The final question presented is whether the courts below erred in setting the amount of the fee. Under the bankruptcy court’s ancillary jurisdiction, it has the power to decide state law claims necessary to the resolution of the bankruptcy proceeding. Sanders v. Providence Washington Ins. Co., 320 F.Supp. 1189 (E.D.Mo.1970), aff’d, 442 F.2d 1317 (8th Cir. 1971). See also In re Ace Sales Co., 357 F.Supp. 936, 941 (E.D.Mo.1973). Here, this jurisdiction included the authority to determine the validity and amount of Alioto’s lien under California law. n re Land Investors, Inc., 544 F.2d 925, 931-33 (7th Cir. 1976); 4B Collier’s on Bankruptcy ¶ 70.87[2] (14th ed. 1978).

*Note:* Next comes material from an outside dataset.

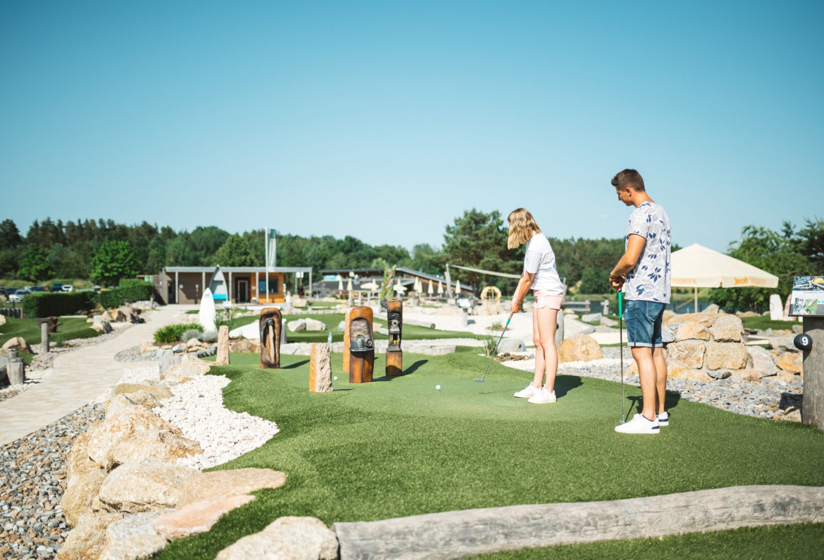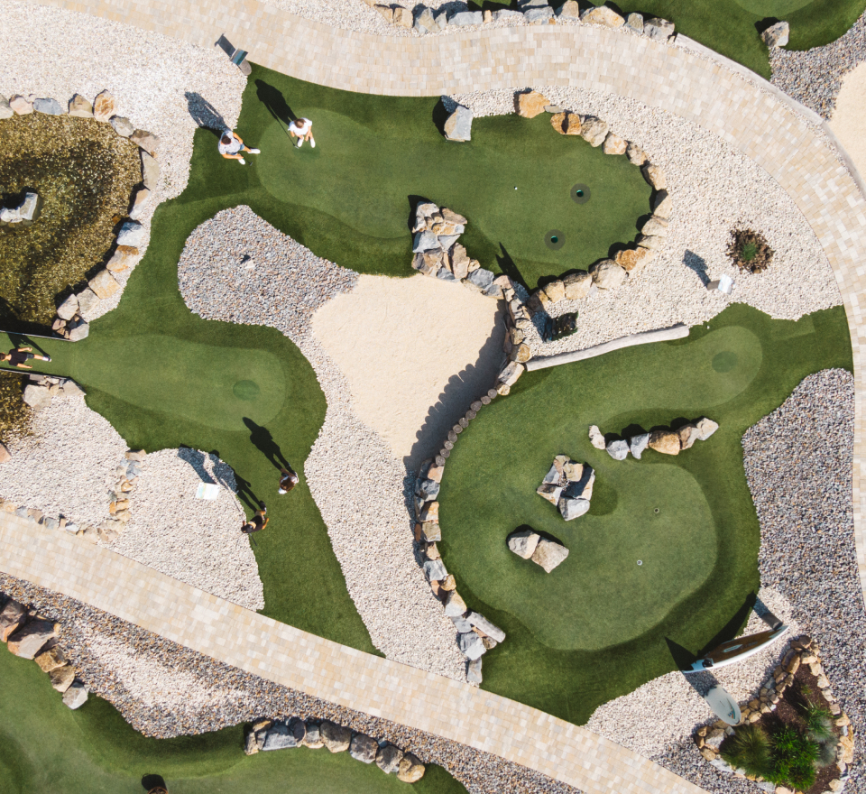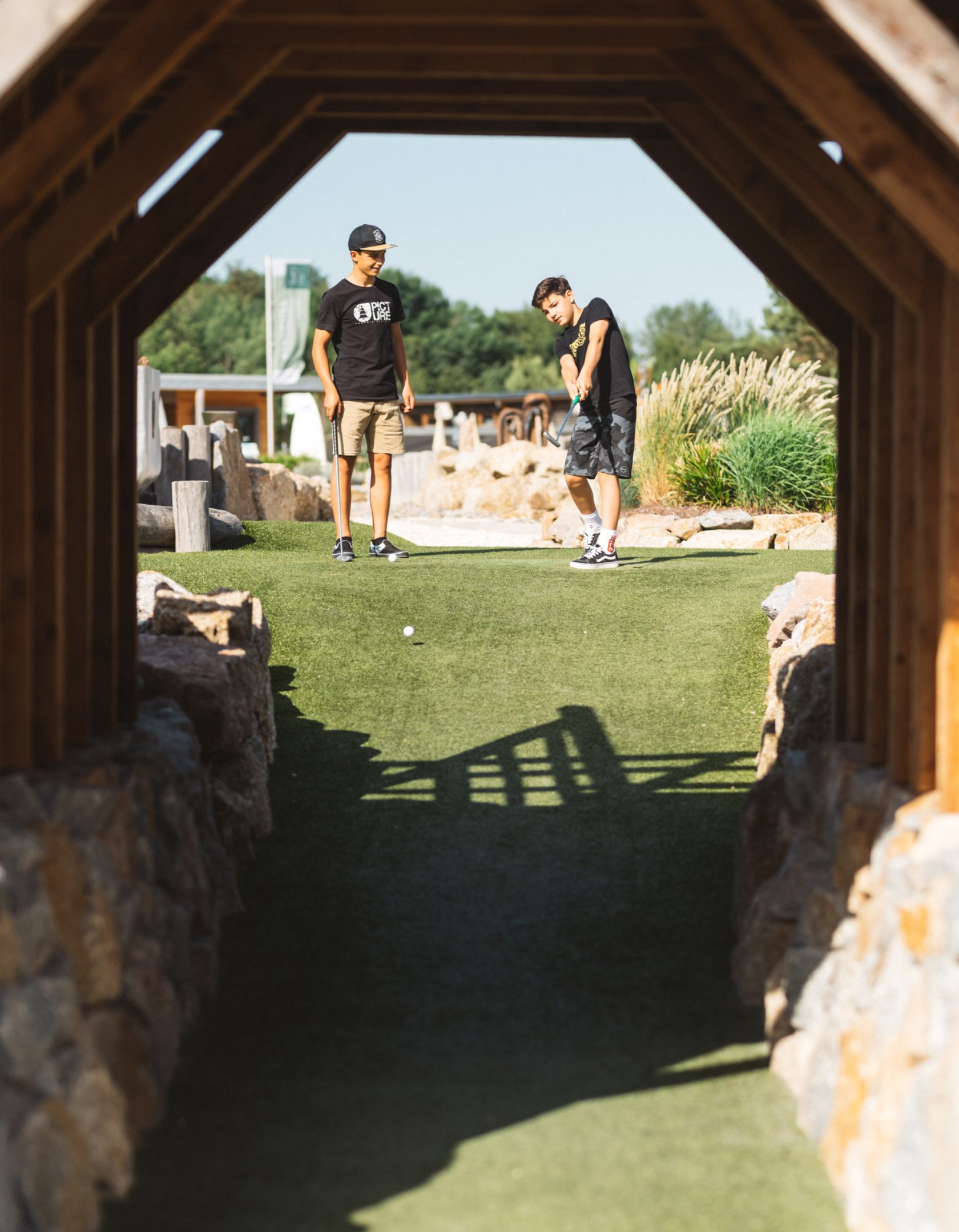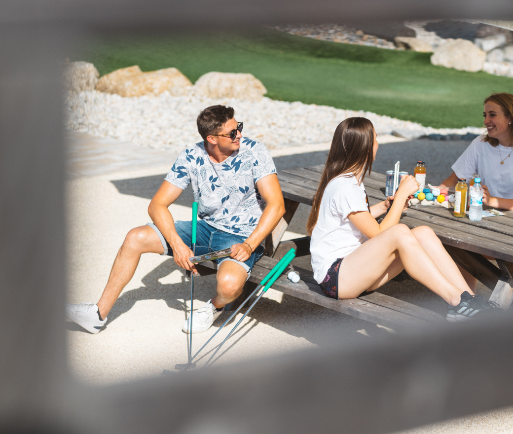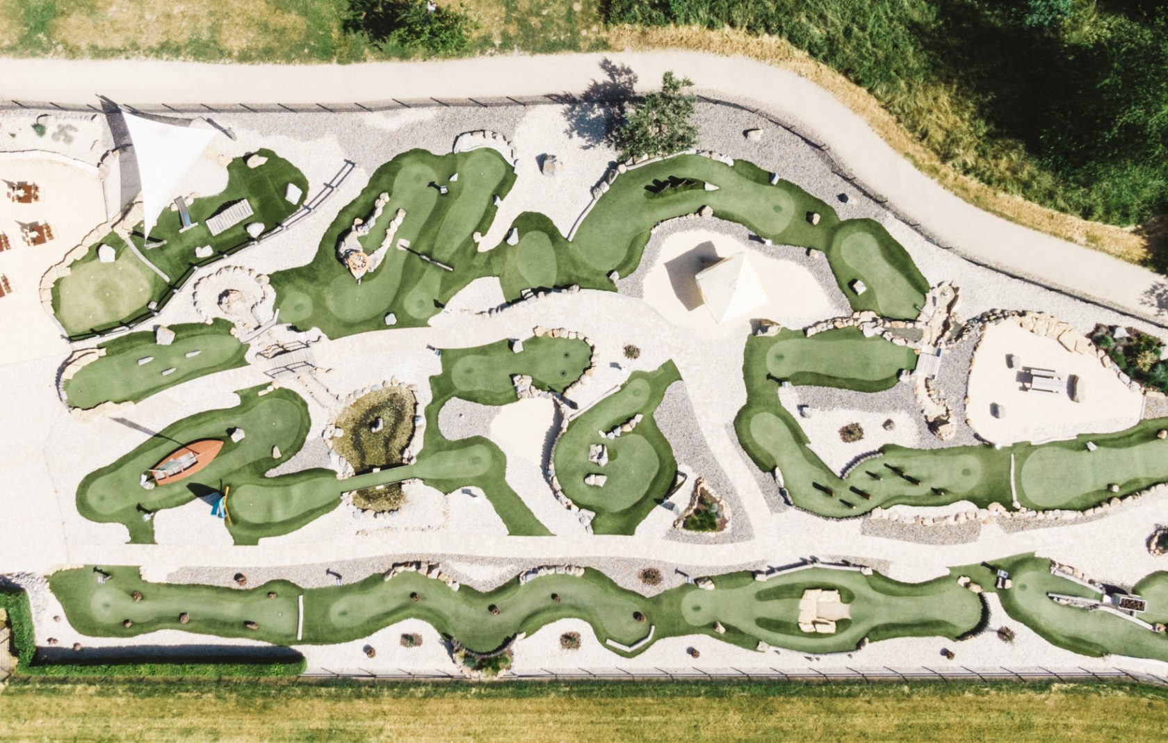 Bei uns wird auf Kunstrasen gespielt. Groß und Klein können sich sportliche Duelle liefern, oder gemütliche Runden mit Freunden oder der ganzen Familie spielen.
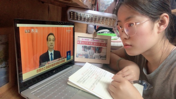 太阳成集团tyc7111cc校长奖、思美之星获得者杜楠玥在山东东营观看两会直播

As to the amount of the lien, both the bankruptcy and the district courts found that the $1,500,000 constituted a reasonable fee under federal bankruptcy standards. In re Pacific Far East Line, Inc., 458 F.Supp. 771, 775-76 (N.D.Cal.1978).8 But federal standards are not directly applicable; the lien was created by state law, and thus state law standards apply to its measure. In re Diplomat Electric, Inc., 499 F.2d 342, 348-49 (5th Cir. 1974). Alioto has not cross-appealed, however, so we do not question the adequacy of the fee under California’s standard of reasonableness. Cf. Fracasse v. Brent, 6 Cal.3d 784, 792, 100 Cal.Rptr. 385, 494 P.2d 9 (1975) (a significant factor is “the amount involved and the result obtained.”)

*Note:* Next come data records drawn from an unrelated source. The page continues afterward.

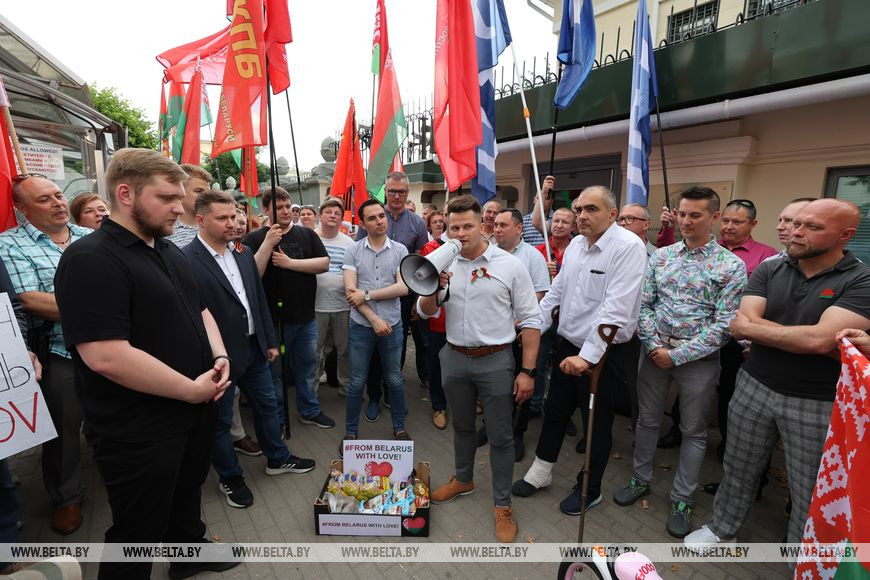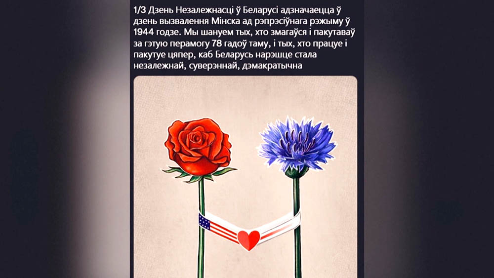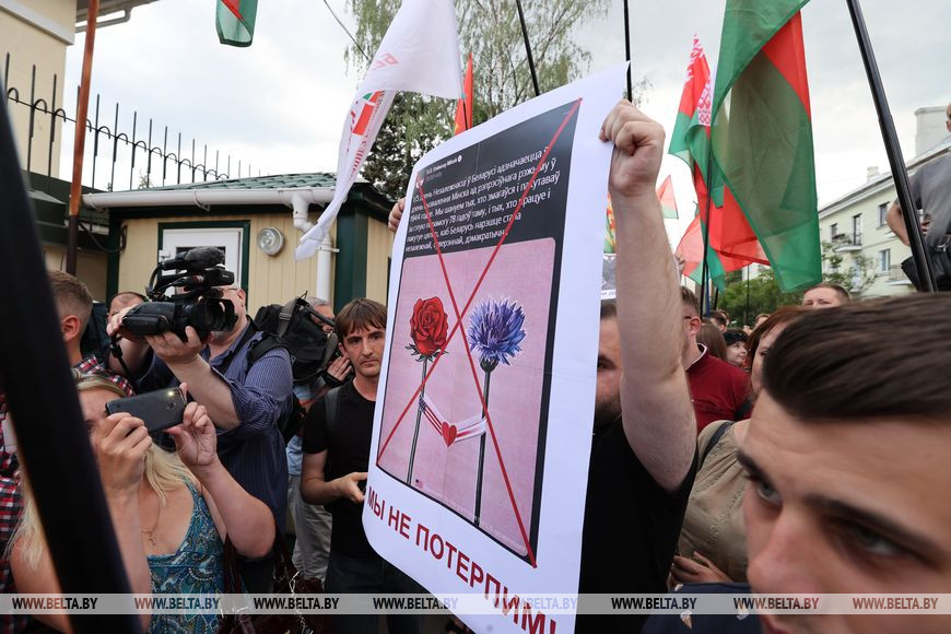 Во-первых, два цветка – это символ траура. Но провокация в том, что в день освобождения Минска от фашистов выбрана символика, которую использовали коллаборанты и пособники оккупантов. Этот совершенно недружественный жест не остался незамеченным. У посольства США сегодня собрались небезразличные белорусы, чтобы выразить протест и указать на недопустимость таких действий.
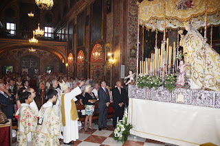 Juan Dobado- El día 15, con la Iglesia conventual de San Cayetano repleta de fieles, presidió la Solemne Novena el Sr. Obispo de Córdoba D. Demetrio. El Prelado alabó los cultos tan solemnes y la altísima participación de fieles durante toda la Novena, tal como se lo señalaron los canónigos que presidieron los días anteriores.
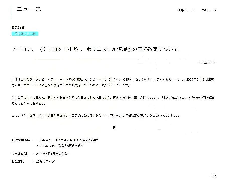 可樂麗:聚乙烯醇(PVA)纖維維尼綸、〈氯綸K-II®〉及聚酯短纖維6月進行全球范圍價格提漲10%。

With the existence and amount of a valid attorney’s lien thus established, it was proper for the bankruptcy court to immediately award Alioto the portion of the fee which related to pre-petition services. In re Land Investors, Inc., 544 F.2d 925, 928 (7th Cir. 1976); In re S. T. Foods, Inc., 202 F.Supp. 37 (S.D.N.Y.1962); 3A Collier’s on Bankruptcy ¶ 64.02[2], at 2065-69 (14th ed. 1975). As found by the bankruptcy court, 95 percent of Alioto’s services were rendered prior to the Chapter XI arrangement, and thus 95 percent of the $1.5 million award, or $1,425,000, should have been set aside in satisfaction of Alioto’s lien against the settlement proceeds and immediately awarded to Alioto. Id.
The OCC is correct, however, in its claim that, at the very least, the remaining 5 percent of the award is properly classified as an expense of administration.9 The services rendered by Alioto during this period were for the benefit of the new debtor in possession and thus were subject to the April, 1978, general retainer agreement.10
The district court, however, set aside $340,000 of the award pending the outcome of this appeal. See note 4 supra. We reverse the district court’s order awarding this amount to Alioto and order $265,000 disbursed to Alioto, which will constitute payment of the balance of his state law lien. The remaining $75,000, representing the fees for services performed during PFEL’s arrangement, is to be held in the [671]*671court’s registry pending computation of the value of Alioto’s services rendered during the arrangement under the general economical spirit of the Bankruptcy Act of 1898. York Int’l Bldg., Inc. v. Chaney, 527 F.2d 1061 (9th Cir. 1975). After such computation, this fee should be distributed as any other expense of administration.
Affirmed in part, reversed in part, and remanded with instructions.